Assessment of corneal thickness and tear meniscus during contact-lens wear.

Contact lens & anterior eye : the journal of the British Contact Lens Association

PubMedID: 25704461

Del Águila-Carrasco AJ, Ferrer-Blasco T, García-Lázaro S, Esteve-Taboada JJ, Montés-Micó R. Assessment of corneal thickness and tear meniscus during contact-lens wear. Cont Lens Anterior Eye. 2015;.
PURPOSE
To assess the effect of seven different daily disposable contact lenses upon corneal thickness, as well as upon tear meniscus volume, by using optical coherence tomography (OCT).

METHODS
Thirty-four young healthy subjects wore seven different types of daily disposable soft contact lenses, each for a period of 12h: Delefilcon A, Nelfilcon A, Omafilcon A, Filcon II3, Narafilcon A, Etafilcon A and Hilafilcon B. Central and mid-peripheral corneal thickness and lower tear meniscus volume (TMV) were measured using an OCT device during contact-lens wear at 4-h intervals throughout a 12-h period.
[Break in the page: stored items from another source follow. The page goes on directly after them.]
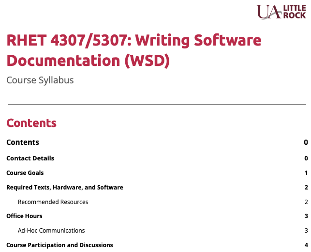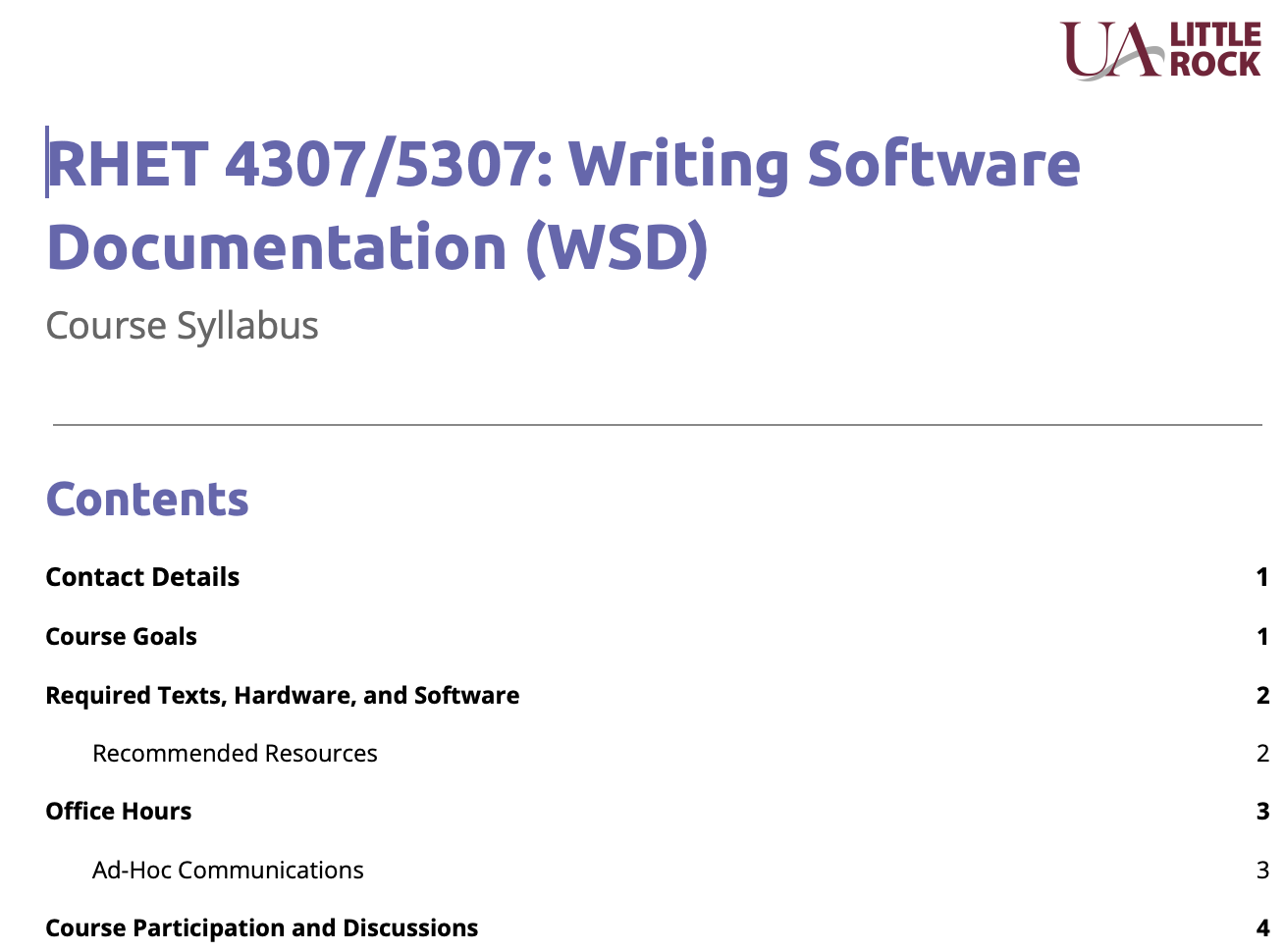 A reflection over teaching Writing Software Documentation at UALR in the Spring of 2023.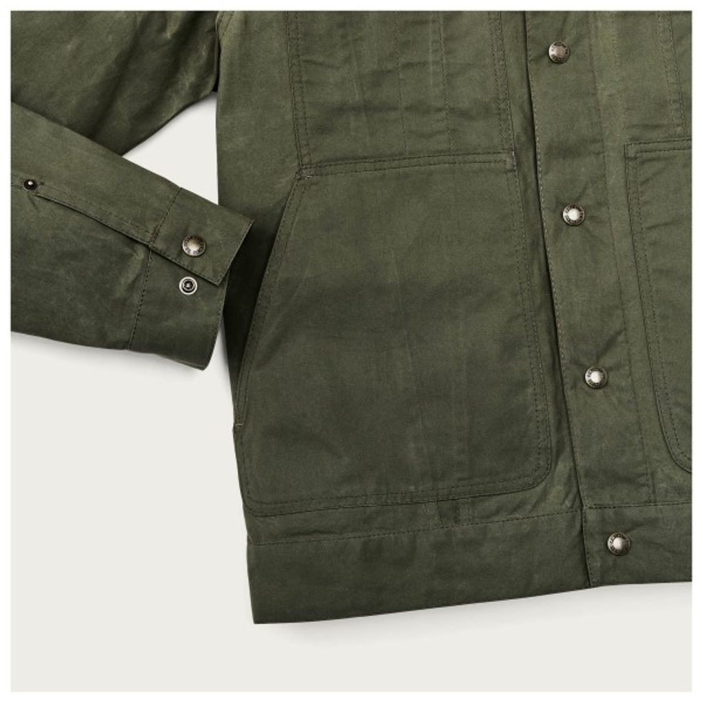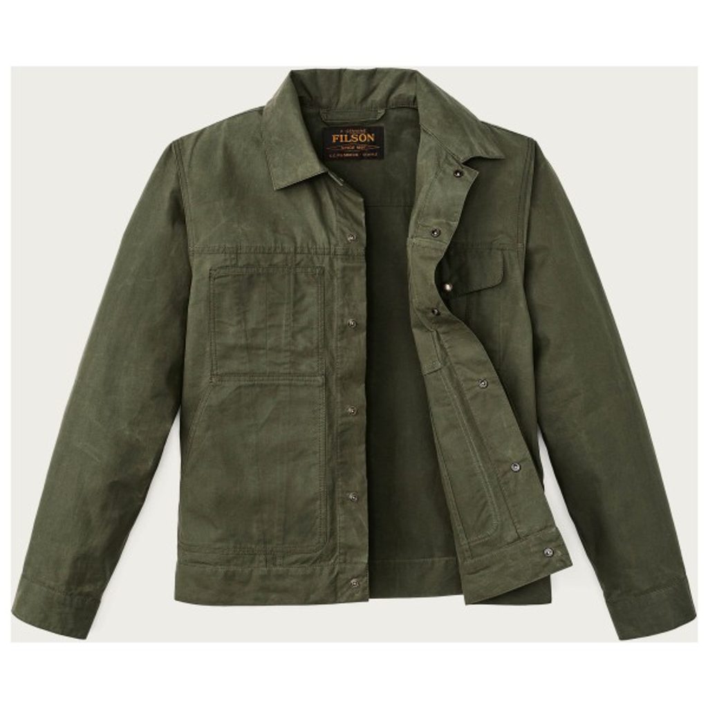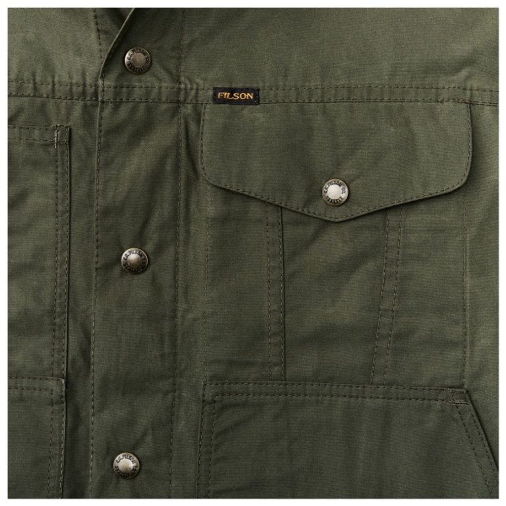 Eine leichtere Version der meistverkauften Jacke der amerikanischen Workwear-Marke Filson. Sie basiert auf dem Schnitt ihres klassischen „Short Cruiser“, verwendet jedoch anstelle des schweren Tin Cloth 7-Unzen-gewachste Baumwolle aus der britischen Weberei Millerain. Im Gegensatz zu traditionellem gewachstem Stoff fühlt sich die Dry-Wax-Behandlung trocken an und lässt sich im schlimmsten Fall in der Waschmaschine waschen, da das Wachs auch nach dem Waschen erhalten bleibt. Die Jacke ist ungefüttert und eignet sich daher für das Übergangswetter, in dem sie dennoch gut vor Wind und Regenschauern schützt.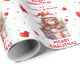 Le motif mignon sur ce papier d'emballage de Noël est d'un adorable singe portant un chapeau de Père Noël et sortant d'un paquet cadeau de Noël. Entre les images de singe est votre texte personnalisé en rouge. Tout est placé sur un arrière - plan de confettis rond multicolore qui est parsemé de coeurs rouges et de quelques étoiles dorées. C'est un papier parfait pour les grands-parents, les parents, les tantes et les oncles pour envelopper les cadeaux de famille. Assurez-vous de voir les étiquettes cadeaux et autres produits correspondants dans notre magasin.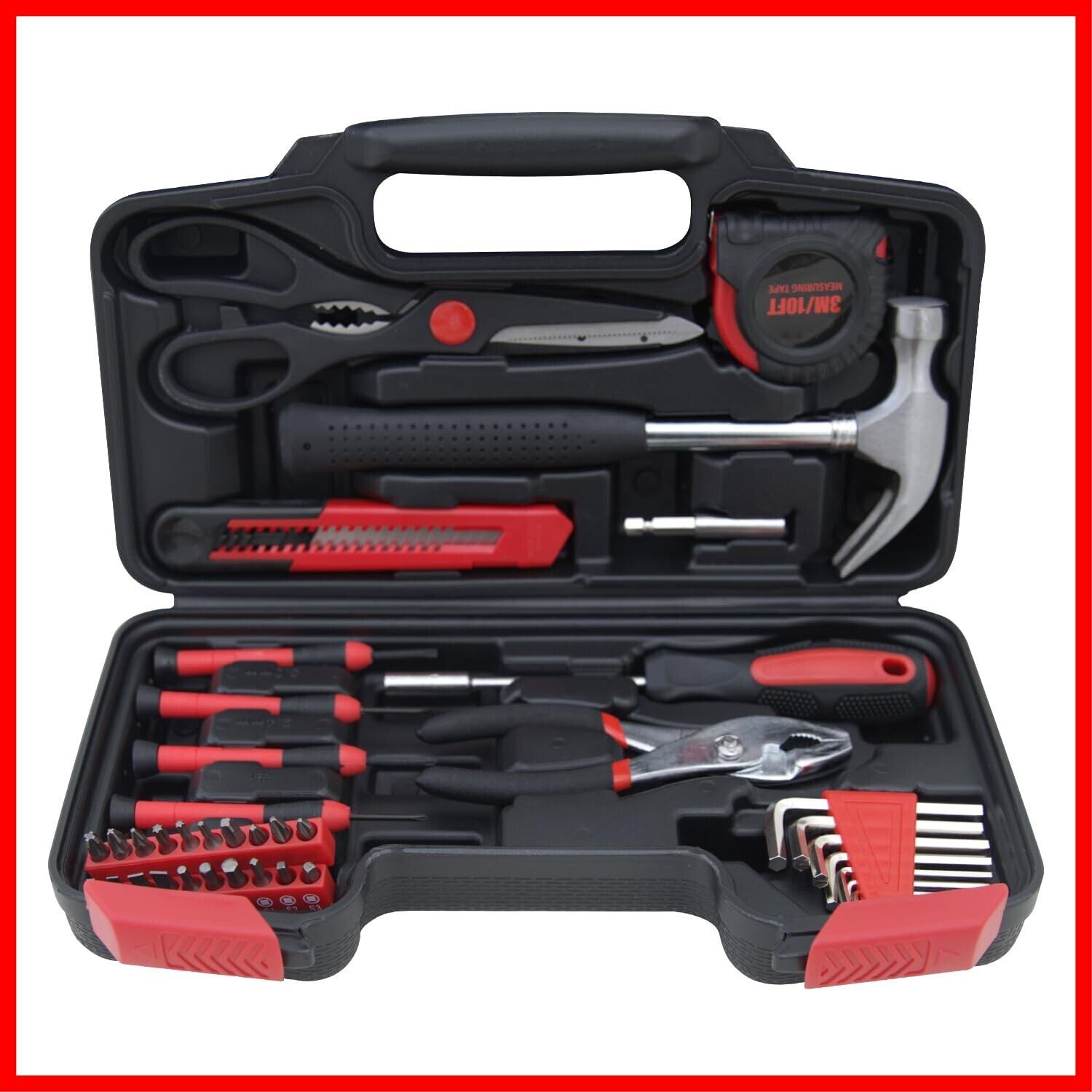 Hantinstom 工具セット 39点組 ホームツールセット 道具セット 作業工具 DIY 家具の組立 住まいのメンテンス用 便利 収納ケース付き 修理道具セット 初心者も向け 自動車バイク整備 レッド

Measurements were also recorded without any contact lenses being worn during a day.

RESULTS
In the no-lens scenario a small but significant (p<0.05) thinning in the cornea was observed after the 12-h period. Overall, as for contact-lens wear, it was the Hilafilcon B lens that caused the greatest thickness increase in the central area, whereas the Etafilcon A caused it in the mid-peripheral cornea. Delefilcon A was the lens that showed the most similar behavior to the naked eye. As for TMV, it decreased with all the lenses, but it was the Delefilcon A lens the one that caused the smallest drop in TMV (p=0.007).

CONCLUSIONS
OCT makes it possible to evaluate both corneal thickness variations and TMV changes as a result of contact-lens wear. The changes in corneal thickness hereafter presented are not clinically significant. On the other hand, TMV drop could indicate discomfort for contact-lens users.